Evaluating the expression, we have:
d ≈ 24.33.
Therefore, the farthest the fielder can be from where the ball will land is approximately 24.33 meters for it to be possible to catch the ball.
To determine the farthest distance the outfielder can be from where the ball will land, we need to calculate the horizontal distance the ball will travel.
First, let's find the time it takes for the ball to reach its peak height. We can use the following equation:
v = u + at
Where:
v = final velocity (0 m/s at the peak)
u = initial velocity (initial vertical velocity of the ball)
a = acceleration due to gravity (-9.8 m/s²)
t = time
At the peak of the ball's trajectory, the final velocity is 0 m/s, so the equation becomes:
0 = u + (-9.8) × t_peak
Since the ball is launched vertically upward, its initial vertical velocity is:
u = √(2 × g × h)
Where:
g = acceleration due to gravity (9.8 m/s²)
h = maximum height (49 m)
Let's substitute this value into the equation:
0 = √(2 × 9.8 × 49) - 9.8 × t_peak
Squaring both sides of the equation, we get:
0 = 2 × 9.8 × 49 - 9.8² × t_peak²
Simplifying the equation:
t_peak² = 2 × 9.8 × 49 / 9.8²
t_peak² = 98 / 9.8
t_peak² = 10
Therefore, t_peak = √10 ≈ 3.16 seconds.
Now, let's calculate the horizontal distance the ball will travel using the formula:
range = horizontal velocity × time
The horizontal velocity remains constant throughout the ball's flight.
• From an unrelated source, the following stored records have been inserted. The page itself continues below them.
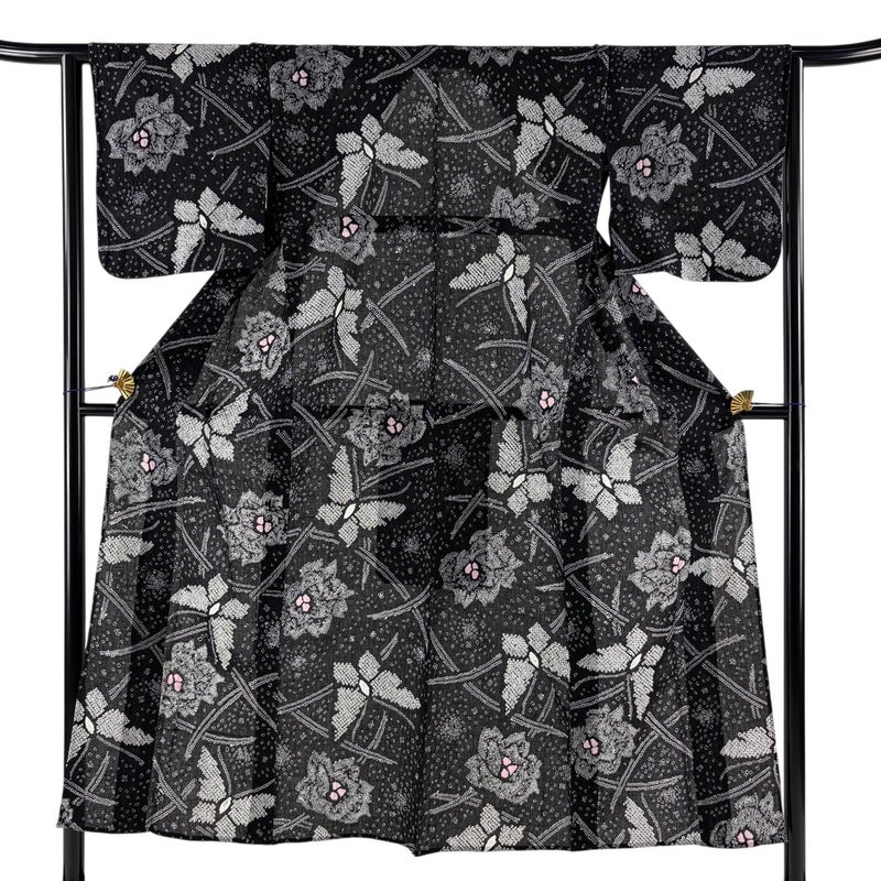 【浴衣】 黒系 黒 名品 B 約150cm~約159cm 裄丈63cm-64cm (S)size 袖丈46cm以下 9990-29990 五万以下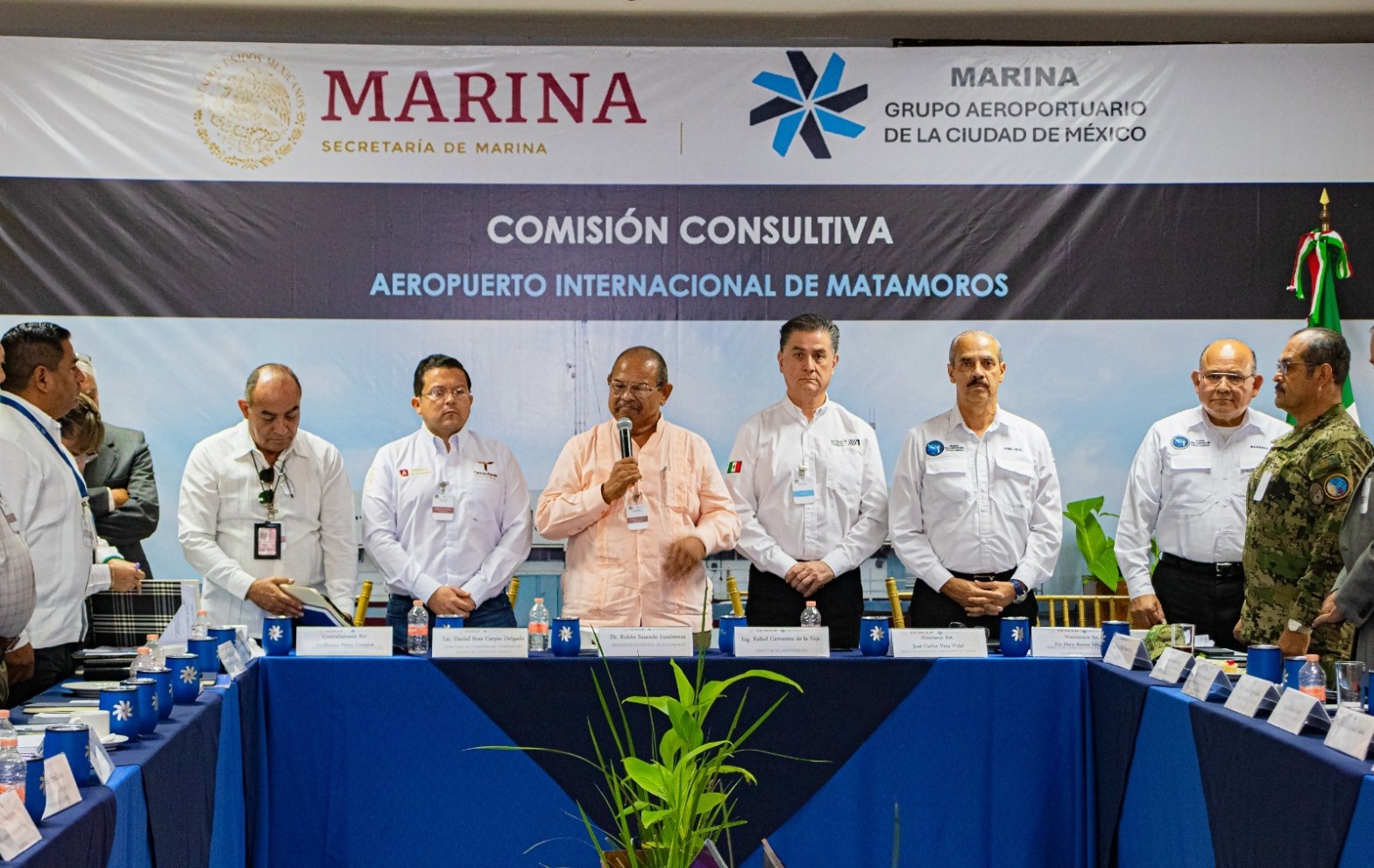 El Presidente Municipal, Dr. Rubén Sauceda Lumbreras, encabezó este viernes la segunda sesión de la Comisión Consultiva del Aeropuerto Internacional de Matamoros, organizada por la Secretaría de Marina a través del Grupo Aeroportuario de la Ciudad de México.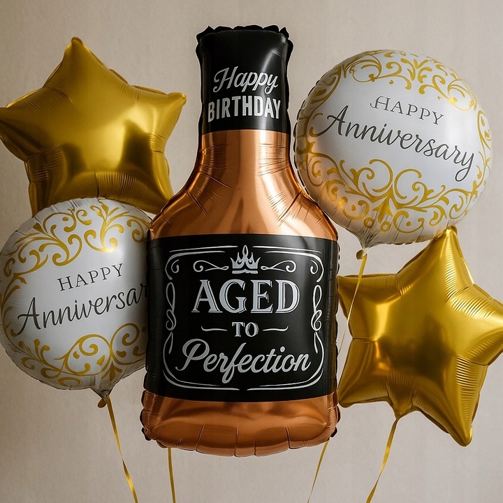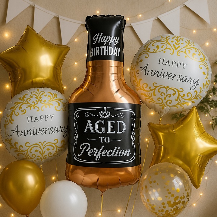 Szukasz efektownej dekoracji na urodziny, jubileusz czy wyjątkową rocznicę? Nasz elegancki zestaw balonów foliowych to idealny wybór dla osób ceniących styl, jakość i niezapomniane dekoracje ! Balony w kształcie butelki whisky, gwiazdek oraz okrągłych ozdobnych balonów z napisami „Happy Anniversary” stworzą wyjątkowy klimat każdej jubileuszowej uroczystości.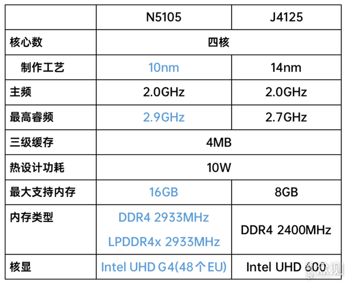 我们看到与前作TS-453Dmini采用的CPU:J4125的对比。可以看到TS-464C采用的 N5105,在制程、睿频频率、最大 支持的内存大小及规格方面都占优。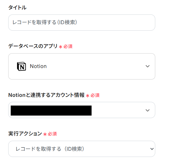 実行アクションは「レコードを取得する(ID検索)」のままでOKです!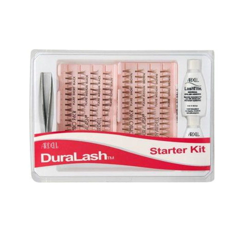 Ardell DuraLash Starter Kit: Adds volume that looks so natural to your lashes Easy to apply, this kit has all you will need Includes: tweezer, eyelash adhesive, eyelash adhesive remover, two combo packs of flare short, medium, and long individual lashes (both in black and brown)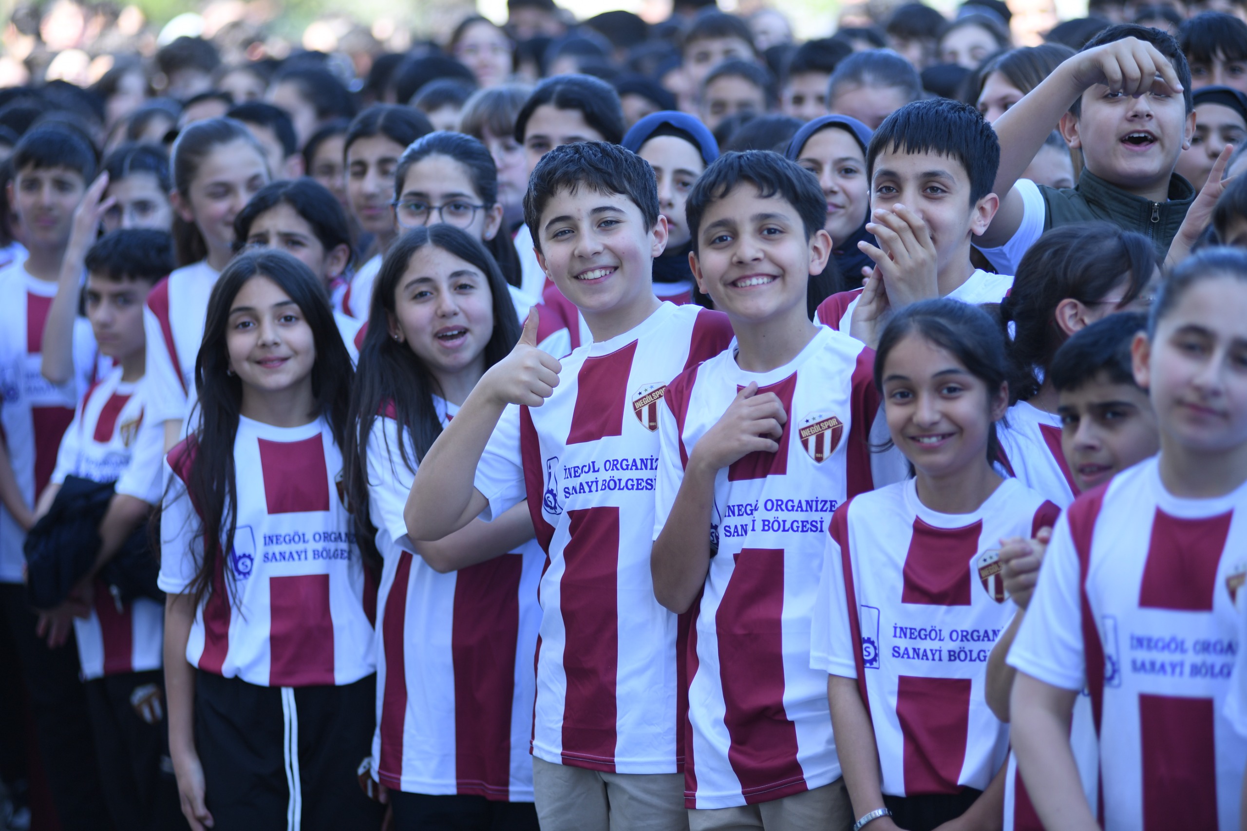 İnegölspor’un başlattığı “Bir Çocuğun Mutluluğu Dünyaya Bedel” kampanyası kapsamında Organize Sanayi Bölgesi Ortaokulunda 1.100 öğrenciye İnegölspor forması ile eşofman takımı hediye edildi.

To find it, we can divide the horizontal distance by the time of flight:
range = v_horizontal × t_peak
We need to solve for v_horizontal, so let's rearrange the formula:
v_horizontal = range / t_peak
The range is the distance between the batter and the outfielder. We need to find the maximum value for the range so that it is possible for the outfielder to catch the ball.
Therefore, the farthest the fielder can be from where the ball will land is the maximum range of the ball. Since we don't know the horizontal velocity yet, we need additional information to determine the maximum range accurately.